Ablation experiments on attention matrix reduction demonstrate that using only the last row (k=1) achieves a much lower KV-cache budget with nearly the same performance as larger windows, while aggregating over more rows harms accuracy. Replacing the position-based initial ranking with an attention-score-based strategy fails to yield robust trade-offs across tasks, confirming that raw attention scores are unreliable for importance estimation. With k=1, the model retains near-full performance (e.g., 23.44 on NarrativeQA at 48.7% budget and 21.95 on QMSum at 15.0% budget) while drastically reducing memory compared to k=1%n or k=5%n, whereas k=10%n causes severe drops (such as falling to 9.74 on NarrativeQA).

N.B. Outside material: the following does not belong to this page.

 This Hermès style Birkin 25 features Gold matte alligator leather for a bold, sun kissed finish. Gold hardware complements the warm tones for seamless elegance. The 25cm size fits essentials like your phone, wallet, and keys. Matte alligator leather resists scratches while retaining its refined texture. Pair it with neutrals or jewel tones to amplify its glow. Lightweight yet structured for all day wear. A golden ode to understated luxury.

Initial ranking by attention scores produced unstable results; on NarrativeQA, one threshold gave only 9.74 using 32% of the budget and another gave 21.44 using 48.7%, both inferior to the position-based ranking's performance of 23.44 at 48.7%.

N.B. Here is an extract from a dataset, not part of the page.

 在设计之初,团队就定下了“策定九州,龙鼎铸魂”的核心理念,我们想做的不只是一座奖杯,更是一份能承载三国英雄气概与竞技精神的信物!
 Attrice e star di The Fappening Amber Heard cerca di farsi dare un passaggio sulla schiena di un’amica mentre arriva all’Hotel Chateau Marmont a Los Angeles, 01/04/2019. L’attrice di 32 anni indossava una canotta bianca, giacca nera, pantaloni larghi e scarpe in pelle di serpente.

This study evaluates KV cache pruning methods across diverse tasks and models, comparing fixed-budget baselines like H2O, SnapKV, and SLM to the proposed ReFreeKV, which dynamically adapts its cache budget per input. Fixed-budget pruning causes highly inconsistent accuracy, requiring task-specific tuning, whereas ReFreeKV matches full-cache performance using only 63.7% of the cache on average and automatically reserves more memory for harder problems like math and science. ReFreeKV also surpasses the competitive Twilight method, often exceeding the uncompressed baseline, and achieves the lowest end-to-end generation latency across model scales without meaningful overhead. Ablation studies show that relying on only the last attention row and a position-based initial ranking is crucial, as aggregating more rows or using raw attention scores harms both efficiency and accuracy.